The Attempt at a Solution
well, I tried to substitute cos(2x) with [tex]1 - 2sin^2(x)[/tex]. then we will have the function [tex]y = -2sin^2(x) + 8sin(x) + 1[/tex]. by setting sin(x) = u we will have a nice quadratic function in the form [tex]y = -2u^2 + 8u + 1[/tex]. we know that the point where a quadratic function in the form [tex]ax^2+bx+c [/tex] is maximum is given by [tex]{-b \over 2a}[/tex]. so with respect to that formula, we get [tex]{-b \over 2a} = - {8\over 2(-2)} = 2[/tex]. now because we had set sin(x) = u the x we're looking for is given by solving the trig equation sin(x)=2 and we know that that equation has no solutions. so logically the answer to our question is there's no such point.

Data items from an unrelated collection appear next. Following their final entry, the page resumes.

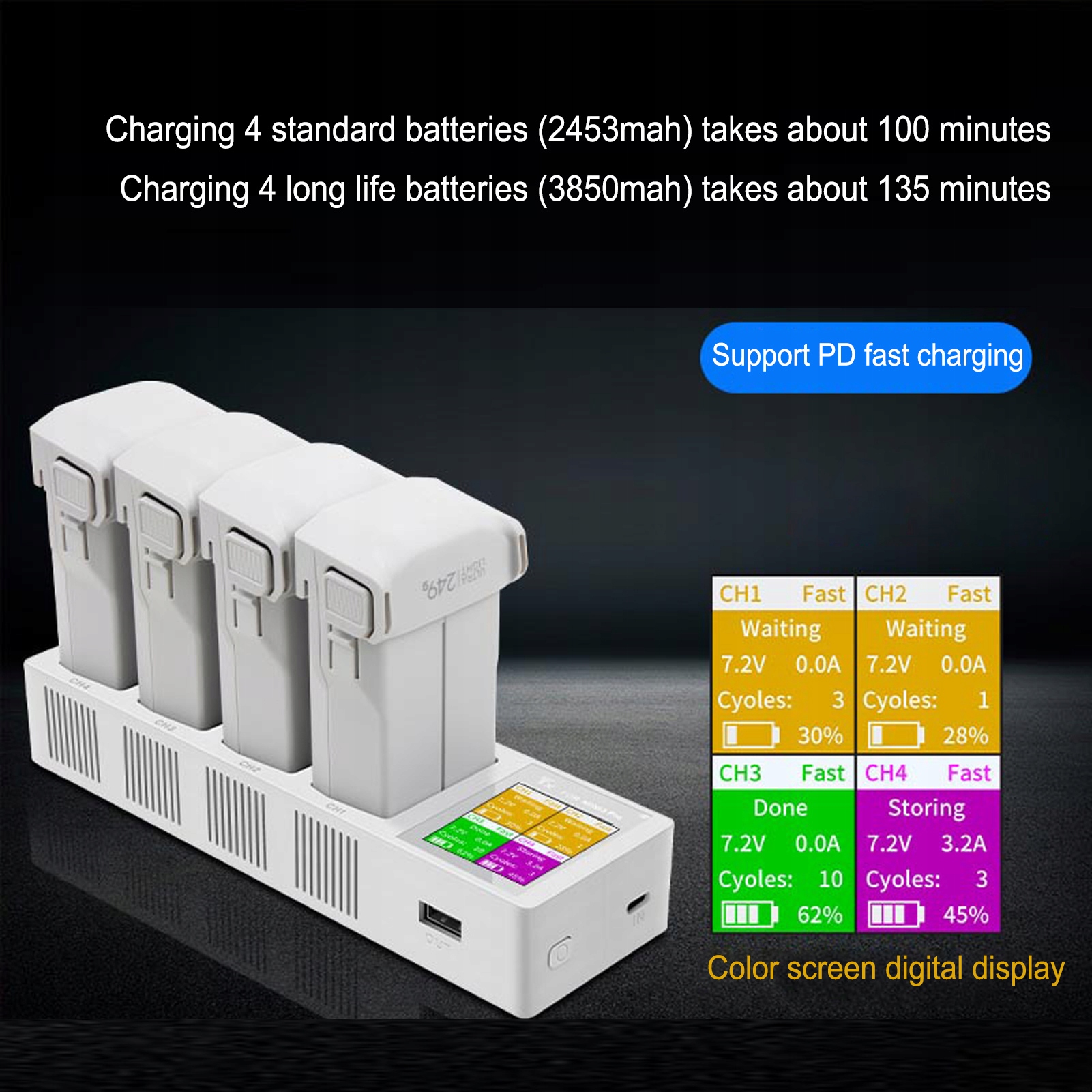 Центр зарядки акумулятора дрона, двонаправлений 4-портовий кольоровий дисплей, USB-зарядний пристрій UAV для DJI Mini 3 Pro Mini 3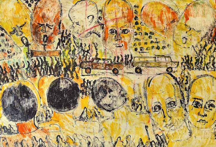 On the other side of town, MoCA exhibit is of works by “outsider” an artist who lived in “Colored Town” and painted a different type of fear - one of racism and violence. Though he never left his approximately three square miles, his work speaks of a nation of unrest.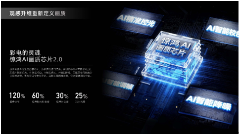 一是惊鸿AI画质芯片2.0,堪称画质优化的“智慧大脑”。作为画质提升的核心引擎,惊鸿AI画质芯片2.0具备四大核心能力:AI精准控光、AI智能校色、AI智能调帧、AI智能降噪。它不仅能呈现更高倍数的分区视觉效果,还可根据用户偏好定制专属图像,实时优化观赏体验。比如老人偏爱更柔和的亮度、孩子观看时自动开启护眼色彩模式、年轻人追综艺时强化色彩饱和度,真正实现“千人千面”的专属画质。经实测,该芯片可实现细节提升120%、控光精细度提升60%、对比度提升30%、光晕减少25%,让画质优势量化可见。
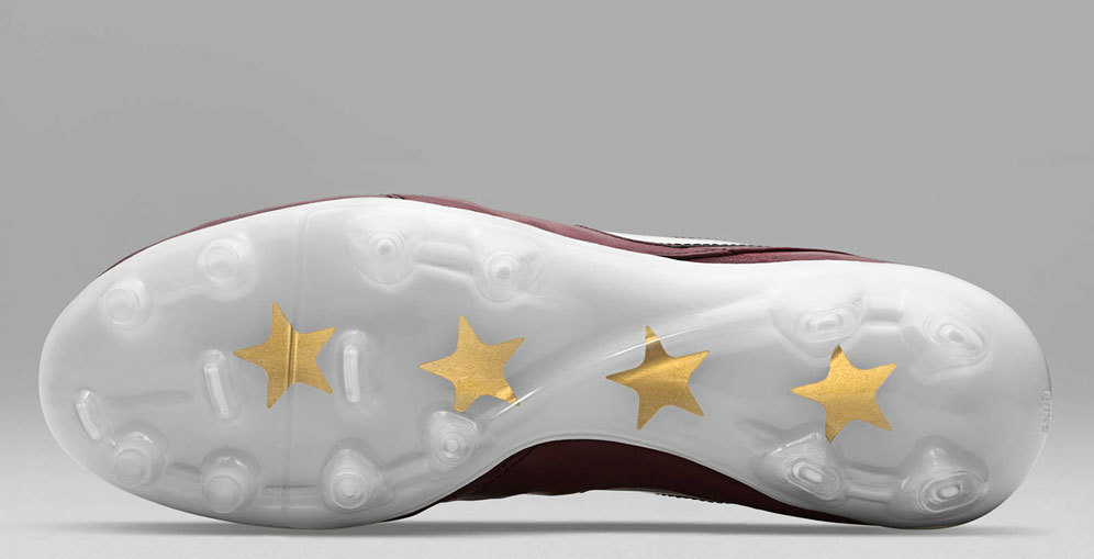 Sepatu ini dilengkapi detail menarik, mulai dari empat bintang emas yang menghiasi bagian sol bawah dan tumit penanda empat gelar juara dunia yang telah diraih Italia.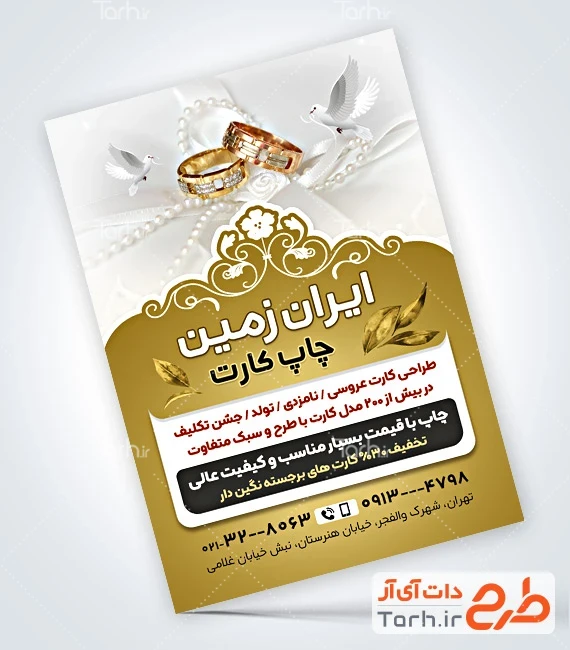 طرح psd تراکت کارت دعوت عروسی با عکس حلقه کد فایل 7491035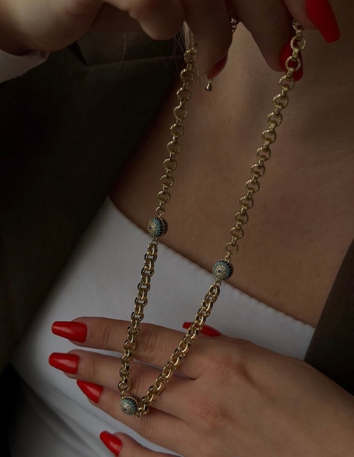 Nazar boncuk detay 14K zirkon taş kolye

now let's solve it this way, we have the function f(x) = 8sin(x) + cos(2x), if we take the first derivative, we will have: f'(x) = 8cos(x) - 2sin(2x). x=pie/2 is a solution to this equation, that means the point x=pie/2 is an extremum and because the a coefficient in the previous equation was negative it might be a local or global maximum.
well, as you see the two solutions contradict each other. any idea?